Below are entries; copy exactly, and only, the lines from the one containing "A first passage" through their final line, leaving out pictures.

Dataset entries
[Start of section]

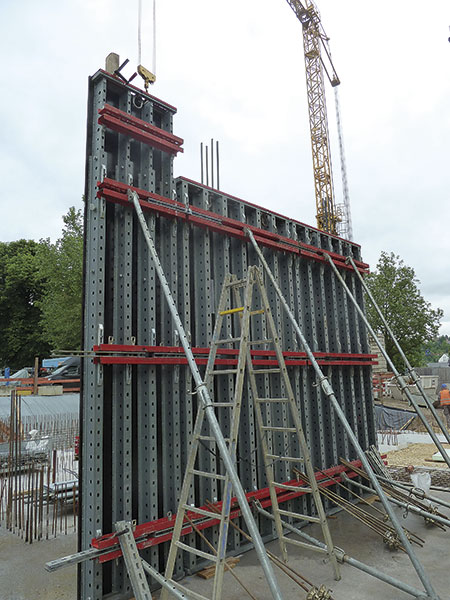 Die Primax-Stahlträgersystemschalung war für die in Tübingen eingesetzte F.K.-Mannschaft Neuland – bis die ersten Elemente der insgesamt rund 250 m² Schalungsvorhaltung angeliefert wurden. Dank umfassender Erfahrungen mit klassischen Holzträgerschalungen hatte das routinierte Schalungsteam von Polier Thomas Eichinger das neue System schnell »im Griff«, denn die Arbeitsabläufe beim Stellen und Ausrichten waren vergleichbar. Restmaßausgleich und Abschalungen erforderten eine sorgfältige Arbeitsvorbereitung, denn Improvisationen sind bei Sichtbetonanforderungen nicht ratsam. Die Primax-Trägerschalung punktet mit ihrer hohen Steifigkeit und Maßhaltigkeit, was für extrem ebene Betonwände steht. Mühelos können so die Ebenflächigkeitstoleranzen der DIN 18 202 Tabelle 3 Zeile 7 eingehalten werden.
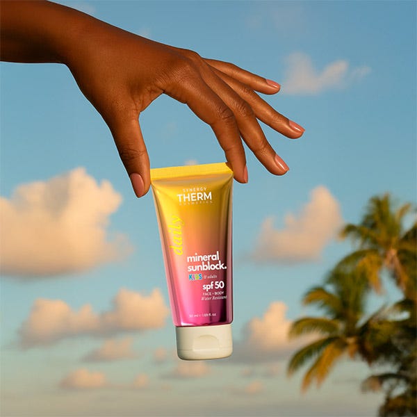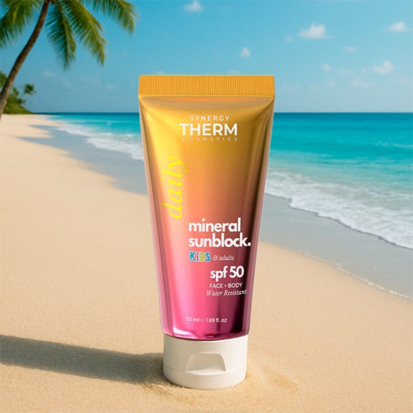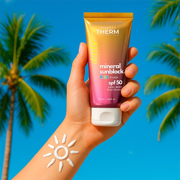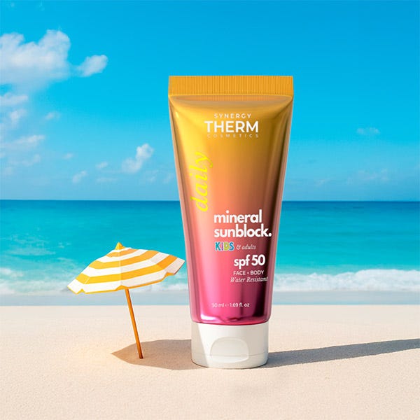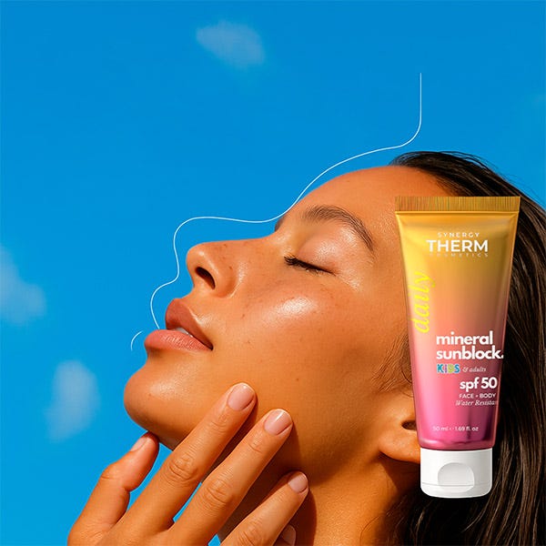 Synergy Therm Mineral Sunblock SPF 50 Kids & Adults es una crema solar 100% mineral, especialmente formulada para brindar una protección eficaz y segura a la piel sensible, sin importar la edad. Enriquecida con óxido de zinc y dióxido de titanio, filtros minerales que reflejan los rayos UVA y UVB, esta crema actúa como una barrera física de protección inmediata.
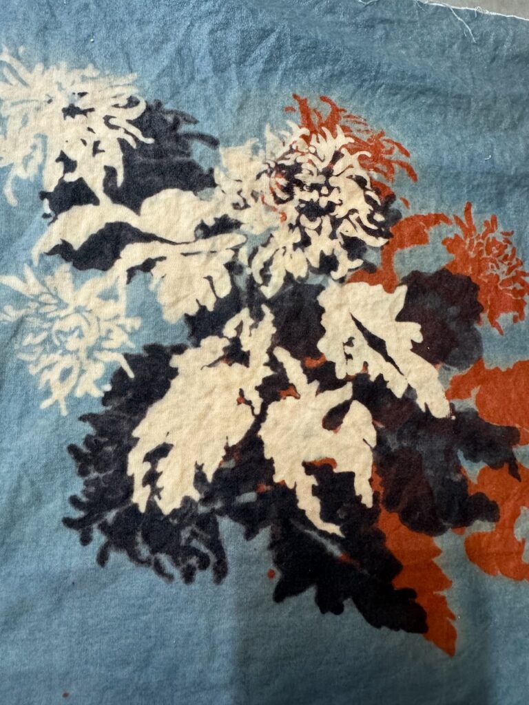 A first passage in the indigo vat, followed by another in a different colour and a final rinse reveals the final result: a patterned cloth with four different colours, the original from the cloth, blue, red (for the traditional cloths), and black. When you have practised vat colouring, this is akin to magic!
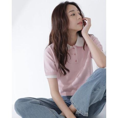 襟と袖口のトレンド感のある配色がポイントのダブルカラーポロニット。ベーシックながらこなれ感のあるデザインです。さらっと軽いニット素材で季節を問わず着やすく、ボタンを開ければ抜け感のある着こなしも楽しめます。<素材>程よいハリ感のある天竺編みニットです。<詳細>仕様・前ボタン裏地・なし透け感・なし / 光沢・なし / 伸縮性・あり生地の厚さ・普通※モデルの着用画像の場合、光の当たり具合により、実際の色味と異なって見えることがございます。色味は、商品単体の画像をご参照ください。
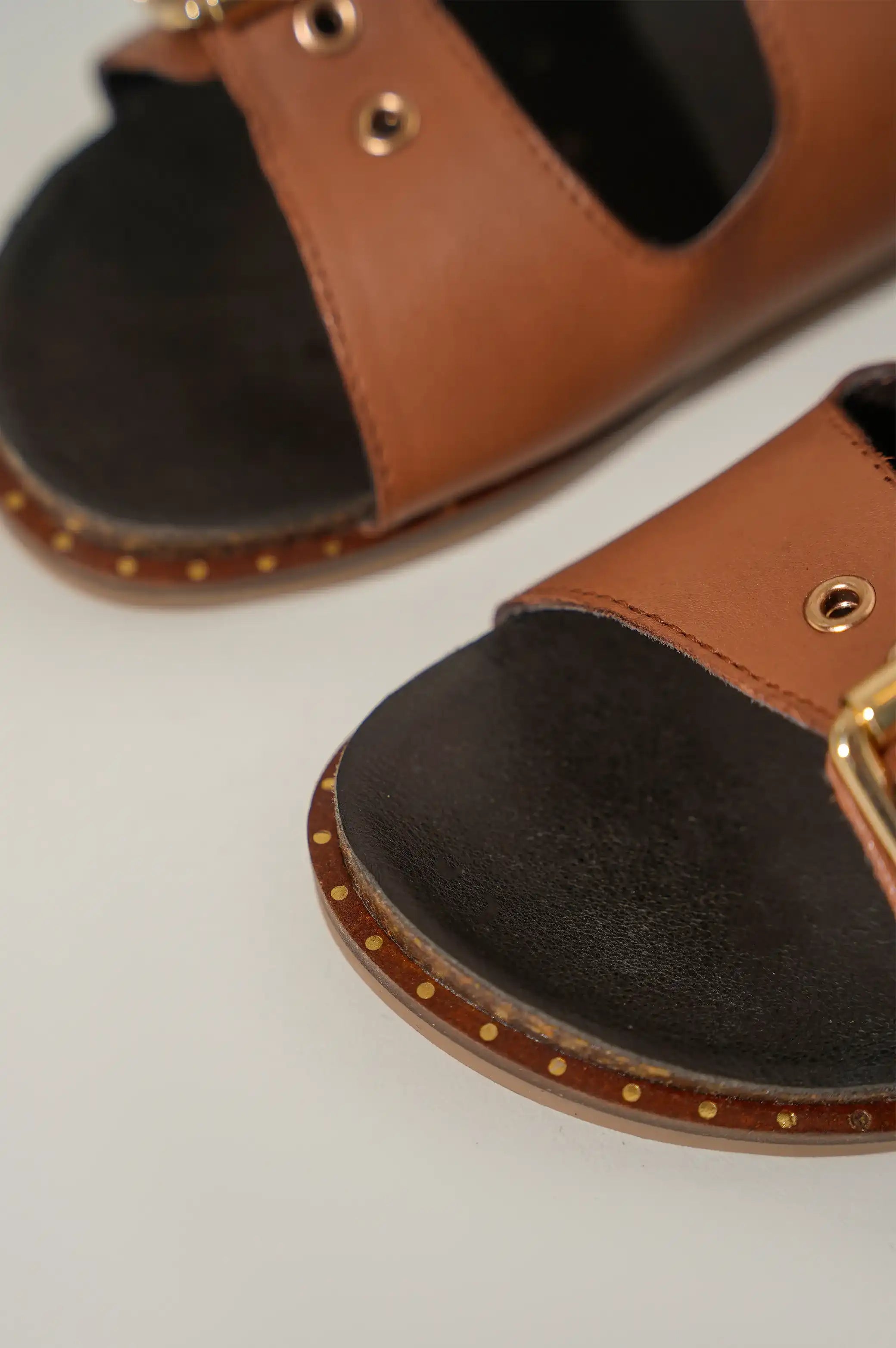 Tan buckled leather slides
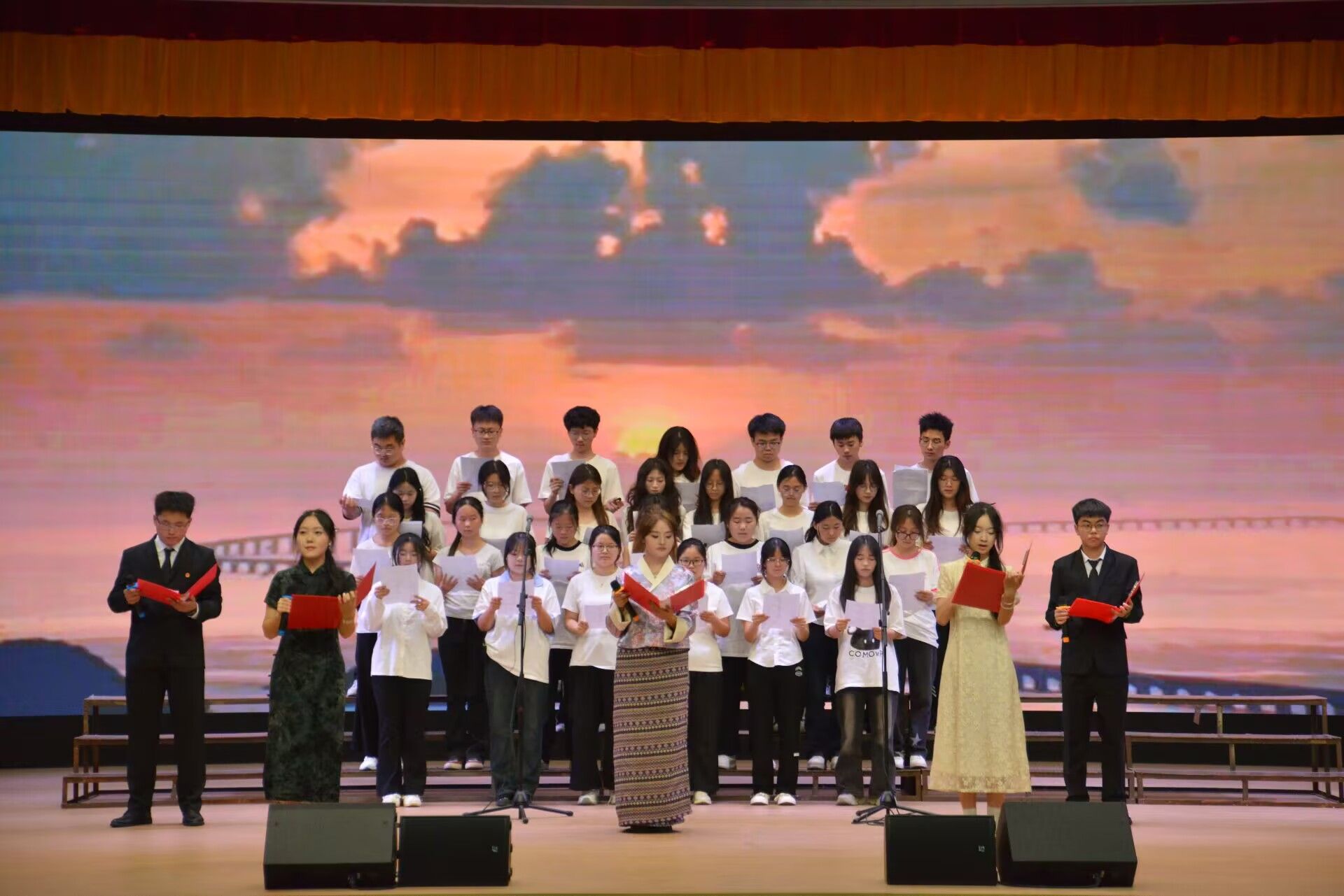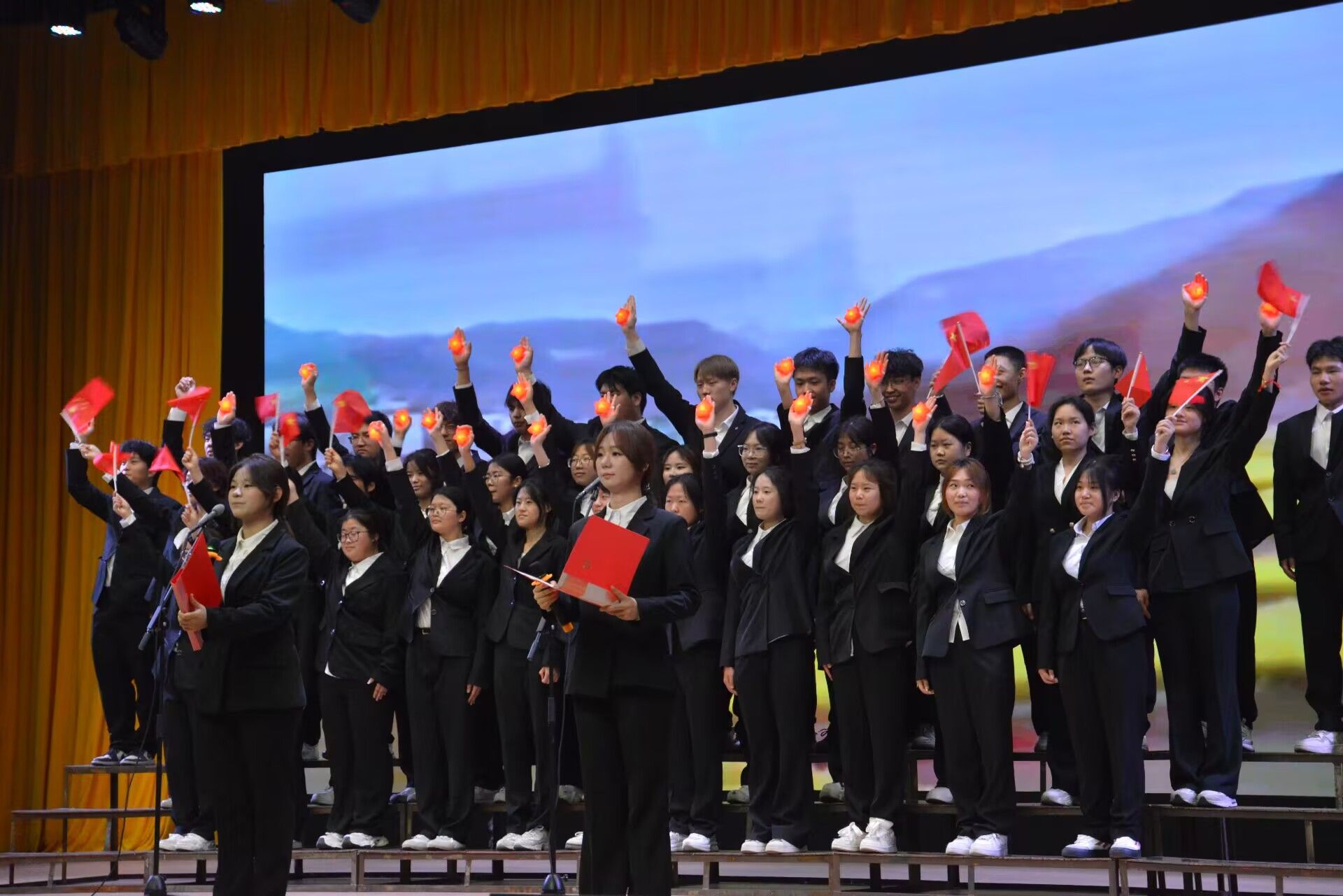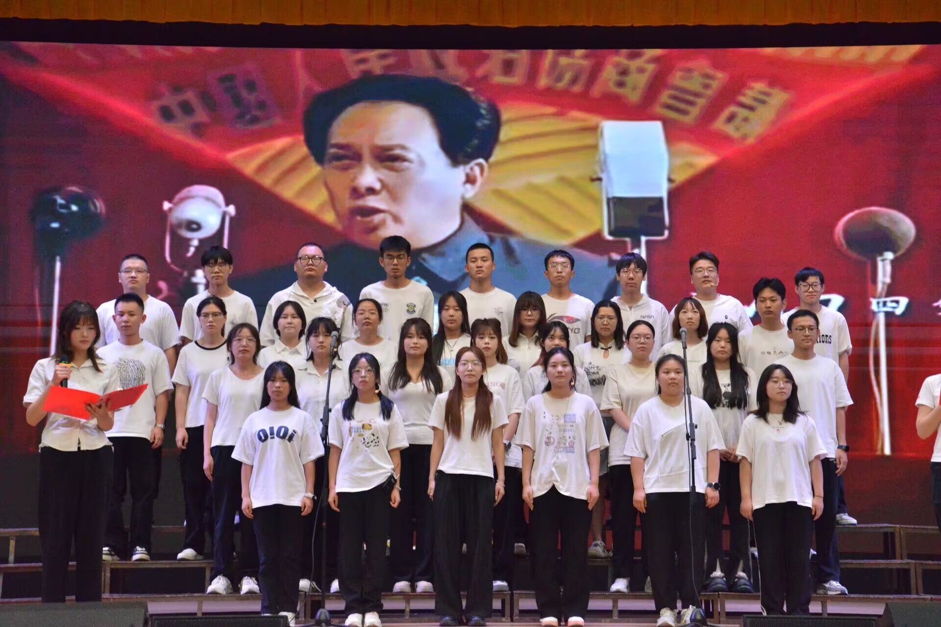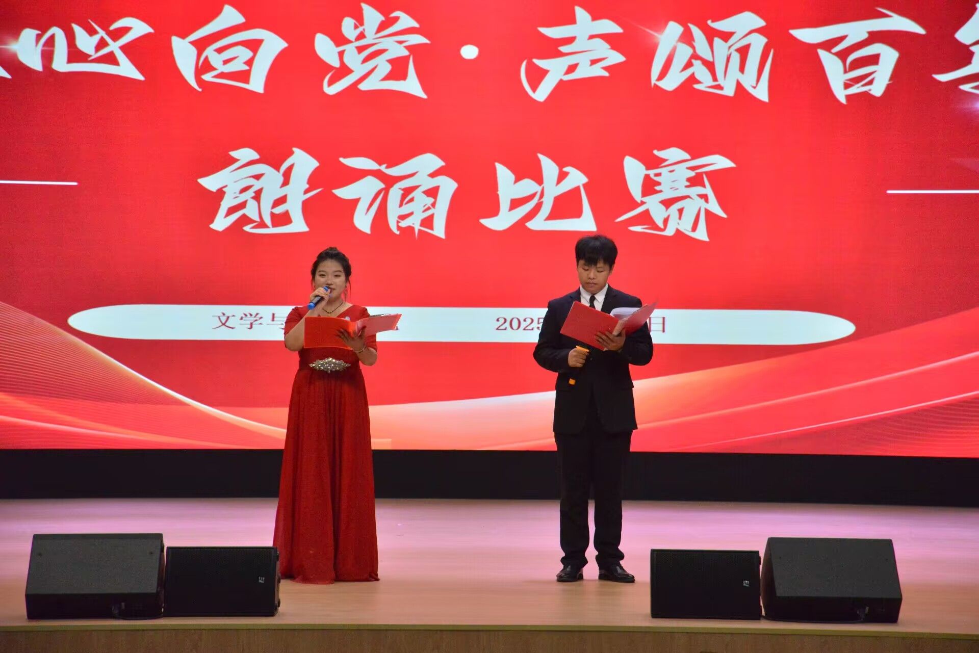 伴随着慷慨激昂的开场致辞,朗诵比赛在热烈的氛围中缓缓拉开帷幕。各参赛队伍用声音传递对党的忠诚与热爱,用朗诵缅怀先烈的丰功伟绩,用情感抒发新时代青年的责任与担当,并融入背景音乐、历史影像等创意形式,让经典焕发时代新意,为观众呈现了一场视听与情感交融的文化盛宴。他们有的深情婉转诉说历史记忆,回溯抗日战争中革命先烈的英勇壮举,生动诠释中国共产党团结带领人民抵御外侮、矢志奋斗的光辉历程;有的慷慨激昂演绎家国情怀,在抑扬顿挫的诗行里触摸山河的脉络,诉说百年征程里的青春豪情和少年担当,展现青春与信仰碰撞出的炽热力量。饱含深情的诵读、细腻动人的表达,既传递了中华文化的深厚底蕴,也展现了当代青年的文化自信与使命担当,让观众沉浸式感受革命先辈的精神力量。现场掌声此起彼伏,反响热烈。

[End of section]

* **SOLUTION FOR THIS EXERCISE**
 A first passage in the indigo vat, followed by another in a different colour and a final rinse reveals the final result: a patterned cloth with four different colours, the original from the cloth, blue, red (for the traditional cloths), and black. When you have practised vat colouring, this is akin to magic!
 襟と袖口のトレンド感のある配色がポイントのダブルカラーポロニット。ベーシックながらこなれ感のあるデザインです。さらっと軽いニット素材で季節を問わず着やすく、ボタンを開ければ抜け感のある着こなしも楽しめます。<素材>程よいハリ感のある天竺編みニットです。<詳細>仕様・前ボタン裏地・なし透け感・なし / 光沢・なし / 伸縮性・あり生地の厚さ・普通※モデルの着用画像の場合、光の当たり具合により、実際の色味と異なって見えることがございます。色味は、商品単体の画像をご参照ください。
 Tan buckled leather slides
 伴随着慷慨激昂的开场致辞,朗诵比赛在热烈的氛围中缓缓拉开帷幕。各参赛队伍用声音传递对党的忠诚与热爱,用朗诵缅怀先烈的丰功伟绩,用情感抒发新时代青年的责任与担当,并融入背景音乐、历史影像等创意形式,让经典焕发时代新意,为观众呈现了一场视听与情感交融的文化盛宴。他们有的深情婉转诉说历史记忆,回溯抗日战争中革命先烈的英勇壮举,生动诠释中国共产党团结带领人民抵御外侮、矢志奋斗的光辉历程;有的慷慨激昂演绎家国情怀,在抑扬顿挫的诗行里触摸山河的脉络,诉说百年征程里的青春豪情和少年担当,展现青春与信仰碰撞出的炽热力量。饱含深情的诵读、细腻动人的表达,既传递了中华文化的深厚底蕴,也展现了当代青年的文化自信与使命担当,让观众沉浸式感受革命先辈的精神力量。现场掌声此起彼伏,反响热烈。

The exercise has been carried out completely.